Use of the PWD and His or Her Animal for Inspiration Discrimination/Personal Gain. First, let me go on record as saying: I have absolutely no problems with a PWD and an animal developing a close relationship. I have no problem with the acknowledgment that the person and his or her animal are friends or in tune with each other–that’s what a good relationship is. I also have zip problems with an animal helping a person to overcome great obstacles, or with others acknowledging that. For example, if a veteran who has PTSD hasn’t spoken in six months, and then begins to interact with people again because his or her dog or cat helped out? Great! If, as I once saw on Dogs 101, an Afghan hound helps a seriously ill young girl get well, simply by lying at her side and performing comforting gestures? Fine again.
But what I do have a problem with, is people who take these stories and take the, well, human interest out of it. That is, taking away the resilience, the indomitable nature, the chutzpah, of the human and animal spirit, and reducing that relationship to a cutesy, sugar-sweet “boy/girl and their dog” story. One recent offender, you may have seen in the local news. A seven-year-old boy named Owen and his Anatolian shepherd Haatchi are now the stars of a short documentary titled, I am not kidding you, A Boy and His Dog. The focus of the documentary is that Owen, who has a rare genetic disorder that keeps his muscles “in a state of painful tension,” was scared of strangers and afraid to do almost anything until Haatchi came along. Haatchi, who also has physical disabilities, is referred to as “crippled.” I’m sorry–I don’t care if he’s a dog. That term is offensive.

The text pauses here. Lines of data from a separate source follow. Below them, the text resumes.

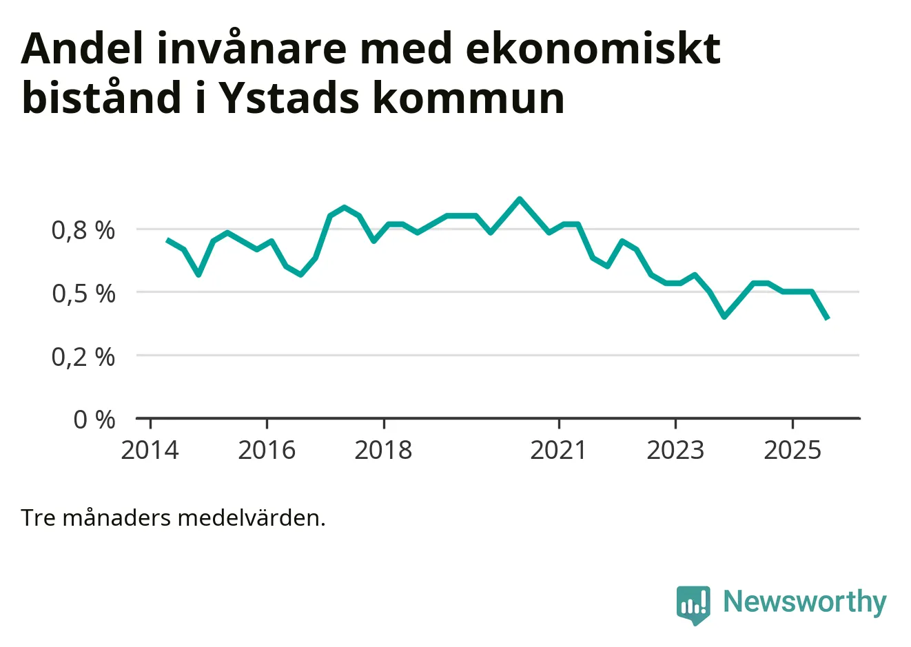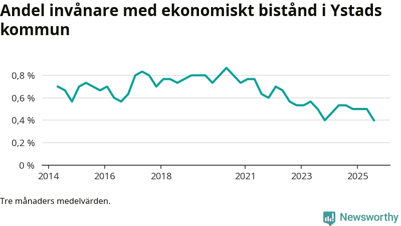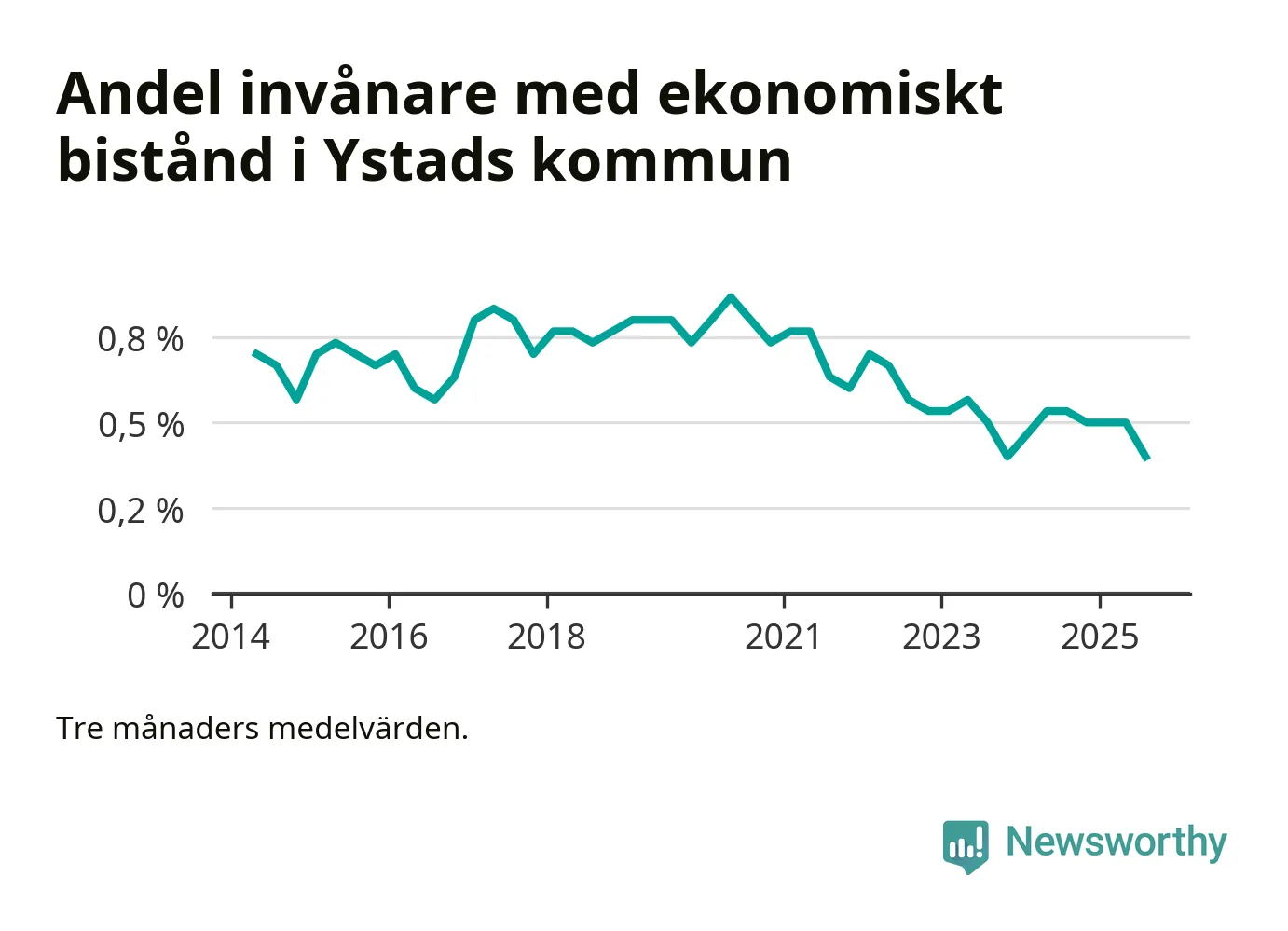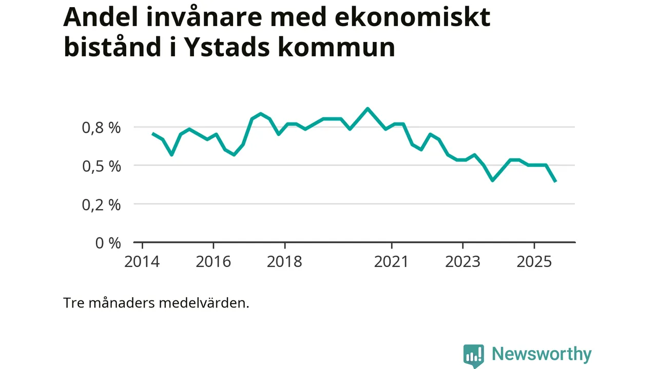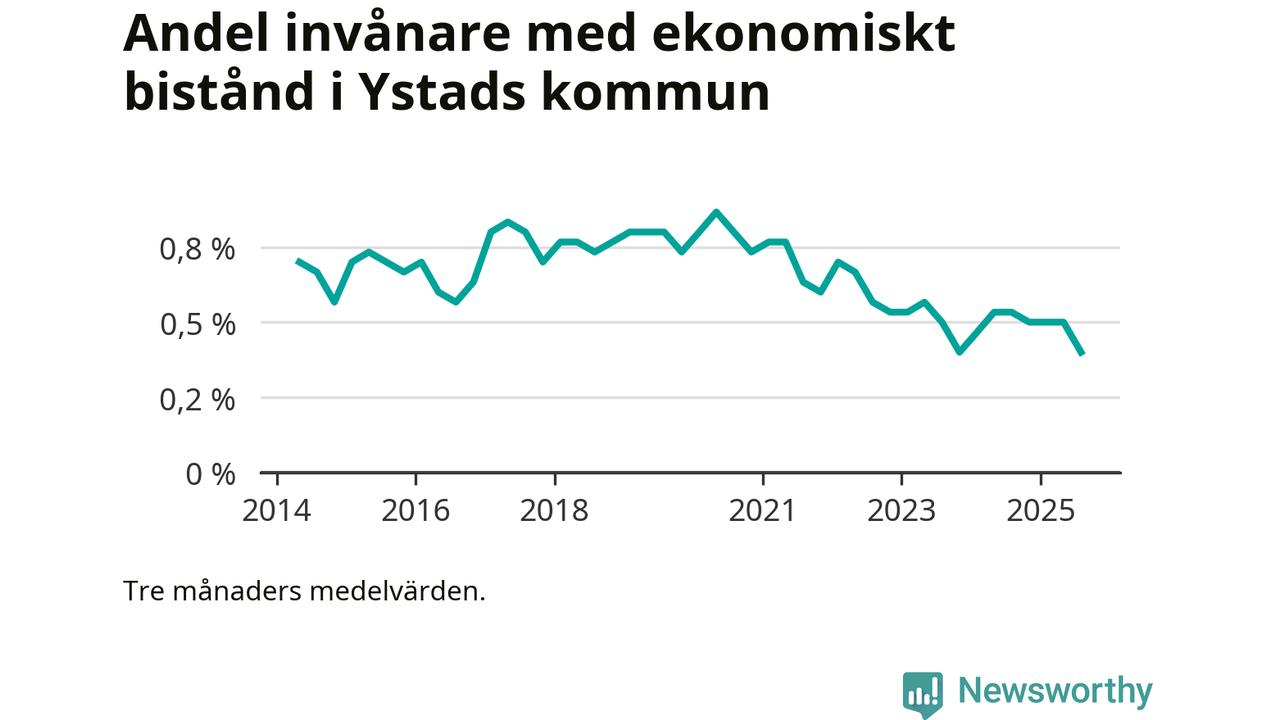 Andelen invånare med ekonomiskt bistånd i Ystads kommun var lägre under sommaren jämfört med motsvarande period året innan. Det visar den senaste, preliminära statistiken från Socialstyrelsen.
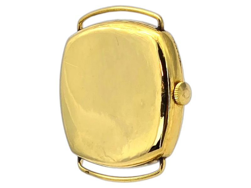 A caixa almofadada em ouro amarelo 18k (marcação 0.750) confere sofisticação e valor colecionável. O mostrador esmaltado branco com algarismos arábicos pretos e ponteiros “cathédrale” preserva o estilo art déco da época, com subdial de segundos às 6h.
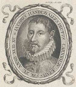 Jacobus Gallus Carniolus (a.k.a. Jacob(us) Handl, Jacob(us) Händl, Jacob(us) Gallus; Slovene: Jakob Petelin Kranjski) (3 July 1550 – 18 July 1591) was a late-Renaissance composer of Slovene[1] ethnicity. Born in Carniola, which at the time was one of the Habsburg lands in the Holy Roman Empire, he lived and worked in Moravia and Bohemia during the last decade of his life.
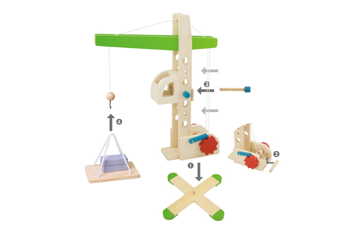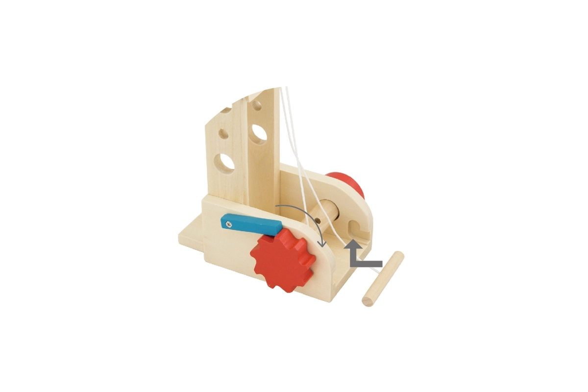 En tournant simplement la molette d’enroulement, les enfants peuvent lever et abaisser la charge. Le mécanisme favorise la coordination œil-main et offre un fonctionnement fluide et sûr.
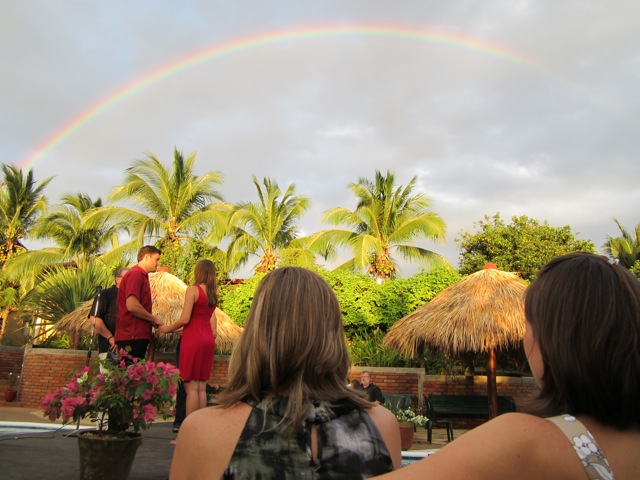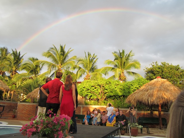 It will be a great celebration tomorrow, we just had a wonderful time with family and out of town guests put on by the Murray family. This rainbow decided to come out right as the rehearsal was starting….awesome!
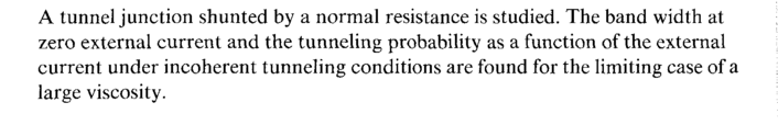A tunnel junction shunted by a normal resistance is studied. The band width at zero external current and the tunneling probability as a function of the external current under incoherent tunneling conditions are found for the limiting case of a large viscosity.

Now, again, am I bashing Owen and Haatchi’s relationship? No stinking way. These two are a great pair. But the media pared that story down so that you didn’t see Owen as a strong, capable person, with or without Haatchi. You didn’t see Owen as much of a person, and you didn’t see Haatchi as much of a dog. The story was pared down to the “awww” factor. So, be aware that service animals can be used as a way to subtly, “kindly” discriminate–and then don’t be the one perpetrating the misdeed.
Despite concerns like these, however, pets can and do provide companionship, responsibility, fun, and love to PWDs just like they do for those without disabilities. A disability is no excuse to deprive an individual of this type of experience (see the December 2012 archives, the post entitled “Give Me a Break,” for more on this). So, as a new cat-lover and a proponent of the relationships between animals and PWDs, I’ll close with this question:
Have you hugged your furry friend today? (P.S.–Feathered and finned friends can be harder to hug, but you can find your own methods of appreciation. Perhaps singing along with their chirping, or a new little castle for the tank)?